Things I've tried so far:
- sed
sed -n -e '/{GENEID1}/,/>/p' referencefile.fasta | sed $d >> seqs.txt
with '>' being the character at which I'd like sed to stop. I need the second sed to remove the last line, which grabs the first line of the next sequence, too. This works if I just run it once, but if I try
cat geneID.txt | xargs sed -n -e '/{}/,/>/p' referencefile.fasta >> seqs.txt
then I get just a list of IDs, with no sequences.

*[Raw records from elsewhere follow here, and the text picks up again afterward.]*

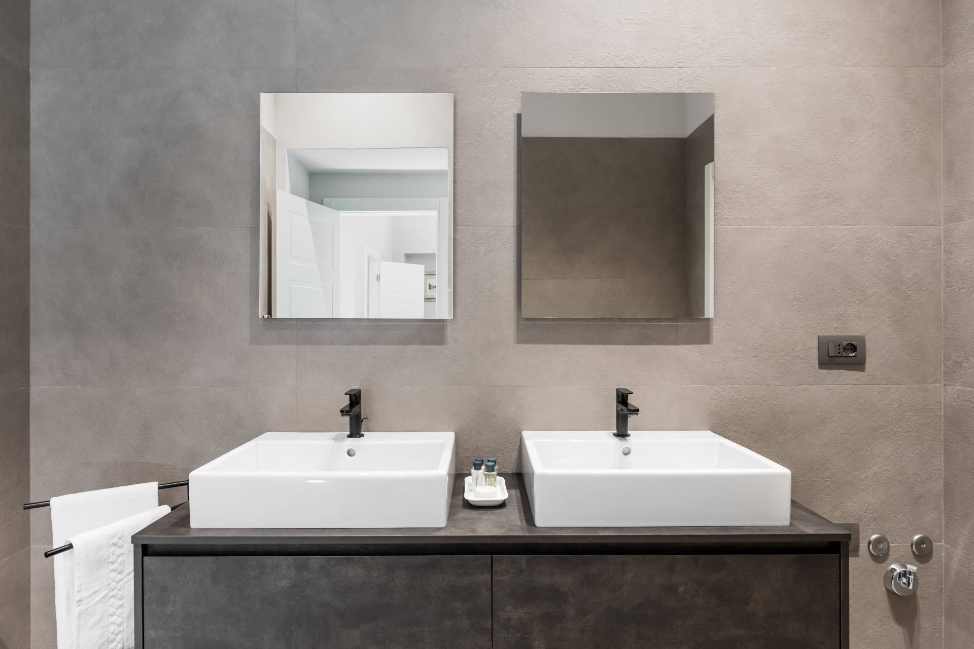 Il lotto 9 composto da ingresso, soggiorno con cucina a vista, camera con grande cabina armadi, bagno con antibagno, ed ha due arie con balcone sul cortile interno e grande balcone a L che affaccia sul cortile dello stabile adiacente.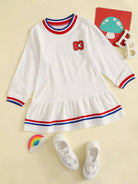 فستان بنات صغيرات مخطط بنقشة أرقام مطبوع عليه فساتين بيبي دول
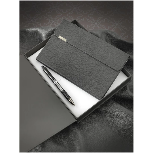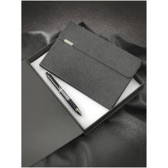 Notes o wyjątkowym wzornictwie (format A5) z okładką z termoplastycznego poliuretanu, czarną wstążką do zakładania stron, zapięciem magnetycznym i 80 arkuszami (80 g/m²) w linie. Zestaw zawiera długopis Tactical. Oba elementy zapakowane w pudełko upominkowe "LUXE". Rozmiar zeszytu: 13,5 x 20,5 cm. Długość długopisu: 14 cm. Średnica długopisu: 1,05 cm.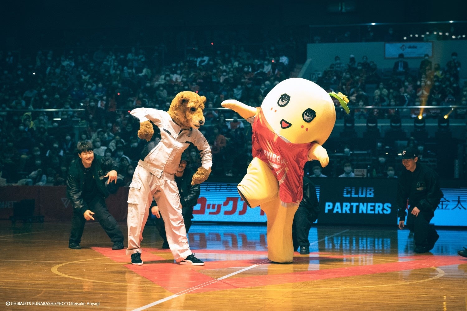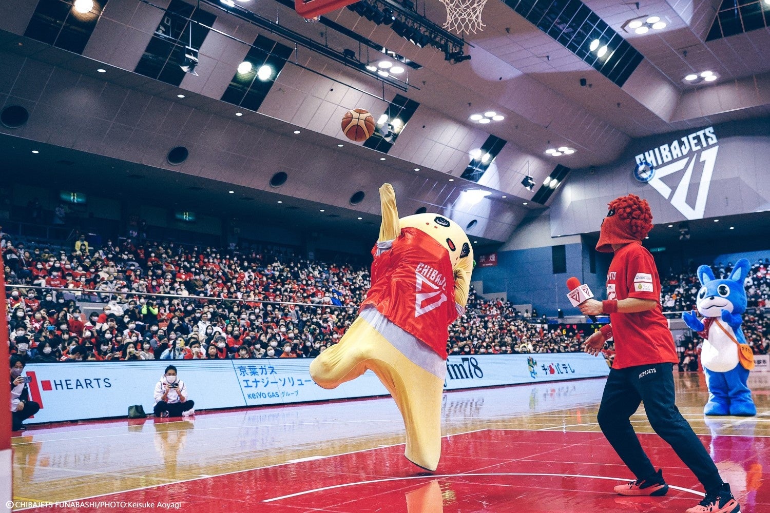 2日目のハーフタイムはSTAR JETSと一緒に「ぶぎぶぎふなっしー♪」を息の合ったコンビネーションでカッコよくパフォーマンスした後、京葉ガス Presents「ブースターフリースロータイム」のMCを担当したふなっしー。がすたんチームとジャンボくんチームに分かれてフリースローにチャレンジするブースターを全力で盛り上げ、アリーナ内が温かい雰囲気となった。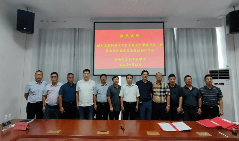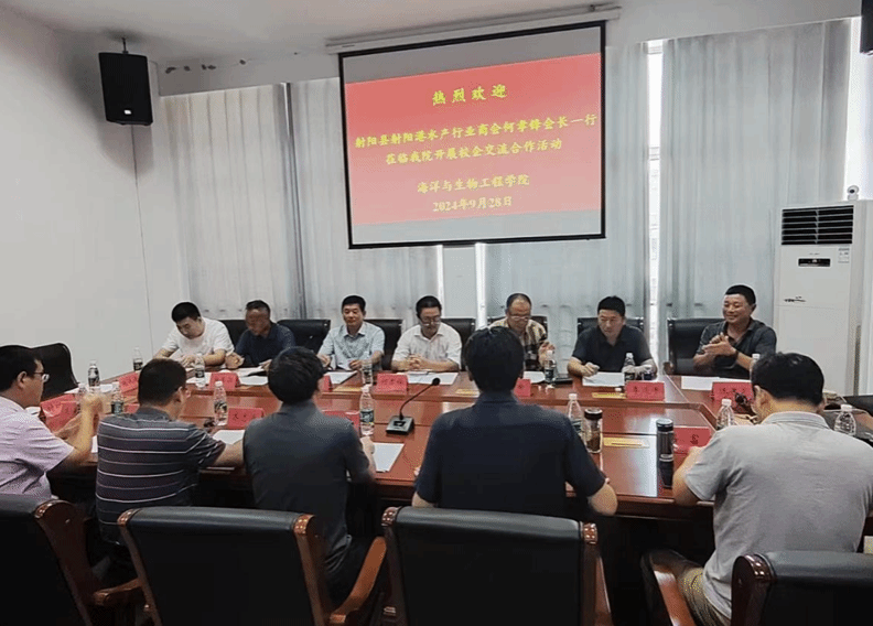 近日,射阳县射阳港水产行业商会会长何孝锋、党支部书记陈瑜等一行到365体育投注海生学院调研交流。海生学院院长彭斌、海洋技术系主任吕富、盐城市养殖协会会长邵鹏、盐城市水产科学研究院办公室主任朱爱民等参加调研交流会。交流会由副院长齐志涛主持。

It also takes super long, so I assume sed is reading through the reference file, but I don't see why it won't grab the sequences?
- grep
grep -o -P '(?={GENEID}).*(?=>)
Here I have the same issue - works individually, but not with xargs or a loop.
using a for loop
for LINE in $(cat geneIDs.txt); do echo $LINE >> seqs.txt sed -n -e '/$LINE/,/>/p' referencefile.fasta | sed $d >> seqs.txt done
I'm also open to trying something in python, though I'm not that well-versed in it yet. My preliminary attempt has been based on this question here. I have a test ID list of 10 lines, which I tried to run like this:
t = open('test.txt', 'r')
test = t.readlines()
test = test.split()
t.close()
with open('referencefile.fasta', 'r') as ref:
for line in ref:
for i in test:
if i in line:
print(line)
This one, I couldn't even get a sequence from the reference file, regardless of the loop.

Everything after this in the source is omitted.